The more you think about it, the more you realize the bar isn’t all that high. And I say this as a fan.

I don’t know is “The Avengers” is the best superhero movie of all time, if only for the simple fact that I haven’t seen every superhero movie. But God help me if it isn’t the most fun, intricate and expertly executed blockbuster I’ve seen in a long, long time.

For the uninitiated: the Avengers are a selection of superheros from the Marvel canon, designed as a team, led by a spy named Nick Fury (Samuel L. Jackson, being very Samuel L. Jackson-y). This film is the climax of a series of individual superhero movies, including “Iron Man,” (Downey) “Thor” (Chris Hemsworth) and “Captain America,” (Chris Evans) in an oddly endearing parallel to comic book narrative strategies. The movie follows the previously-named heroes, along with Bruce Banner/The Hulk (Mark Ruffalo) and former assassins Hawkeye (Jeremy Renner) and Black Widow (Scarlett Johansson), as they try to rid the world of demigod and megalomaniac with daddy issues Loki (Tom Hiddleston).

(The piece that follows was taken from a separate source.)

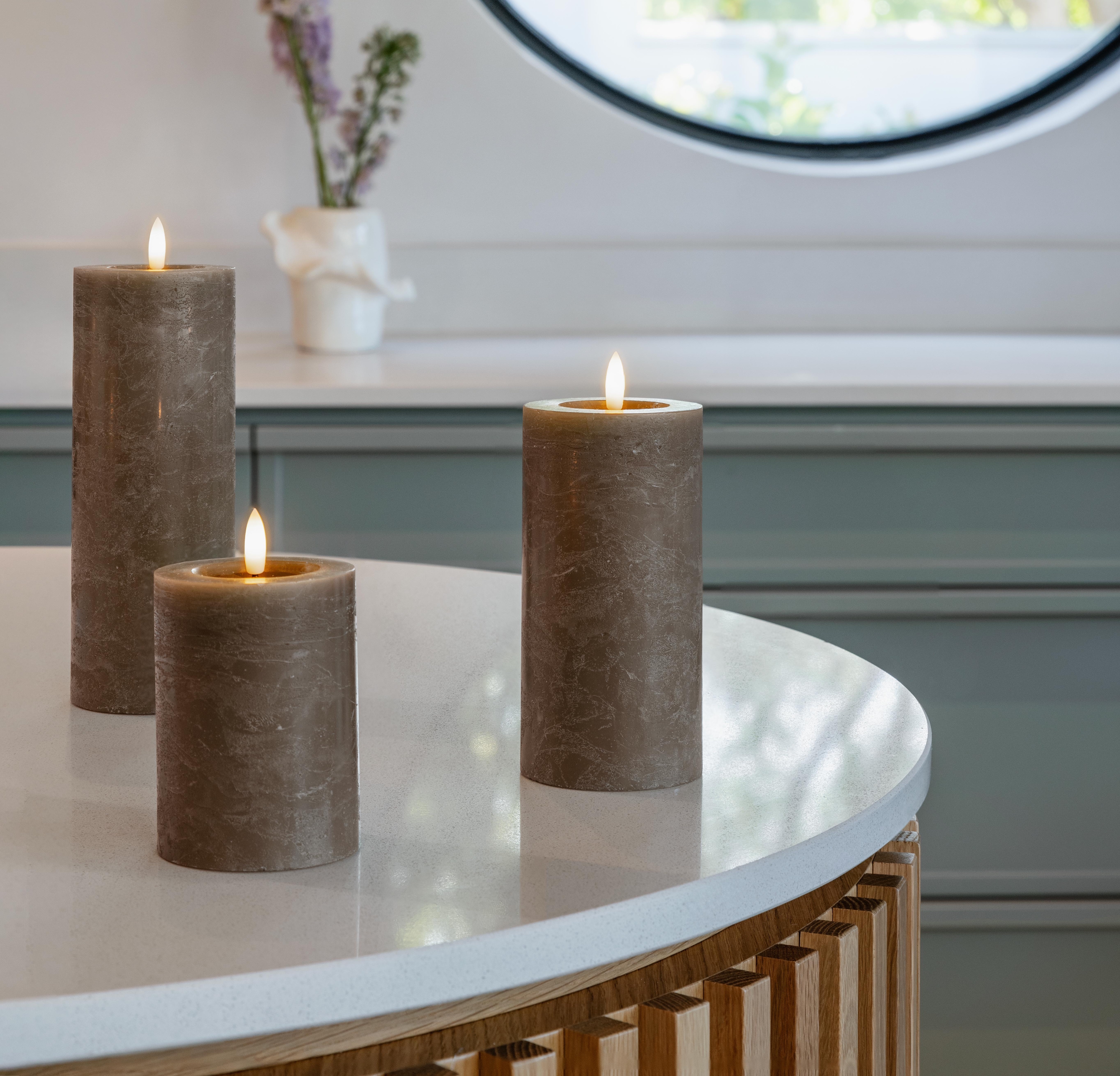 Our LED Melted Pillar Candles are available in a variety of colours, including Classic White, Kit Grey, Sand, Dark Sand, Honey Mustard, Vintage Rose, and Charcoal. Choose from a range of sizes: 74 x 100 mm, 74 x 150 mm, 74 x 200 mm, 99 x 100 mm, 99 x 150 mm, and 99 x 200 mm.

Let me count the ways that this could have been a complete disaster. It threatened to simply be a showcase of Robert Downey, Jr.’s considerable talents backed up with…well a bunch of good-looking guys with talents less considerable. It was in 3-D. It’s two-and-a-half hours long. It’s about aliens with giant robot-dragons.

But under the steady hand of Joss Whedon, who wrote and directed this movie with obvious passion and care, everything works together like a well-oiled machine. No, that’s not right. Because unlike a machine, there’s also feeling, and that exclusively Whedon sense of soul. Maybe it runs like a well-oiled machine with a newly discovered sense of humanity and free will. Whedon deftly sidesteps all the pitfalls that would sink others. A major weakness lies with Thor and his nemesis, who according to canon need to speak in stodgy, renaissance fair dialogue. Solution? Tony Stark just makes fun of it every time he speaks. Captain America is kind of old-fashioned; Whedon centers a beautiful speech about how old-fashioned heroism is something everyone could use.

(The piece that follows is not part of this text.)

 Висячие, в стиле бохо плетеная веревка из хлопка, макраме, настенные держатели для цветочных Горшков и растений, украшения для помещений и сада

The movie is character-driven, yet lavishes unbelievable detail on major action scenes, as beautiful as they are exhilarating. My personal favorite were the aforementioned robot-dragons, gorgeous masterpieces of steampunk-influenced effect.

Mark Ruffalo and Jeremy Renner are the two newcomers to this party- Renner has a small but well-played role as archer Hawkeye, but Ruffalo pretty much steals the show as Banner. True to what I know of the original character, Banner is a soft-spoken nerd, confident only when he’s in a lab, and even then deferential. And in the most devastating moment in the movie, Banner changes into “the other guy,” and the last thing to leave before the monster takes over is the horrified, heartbroken look in his eyes.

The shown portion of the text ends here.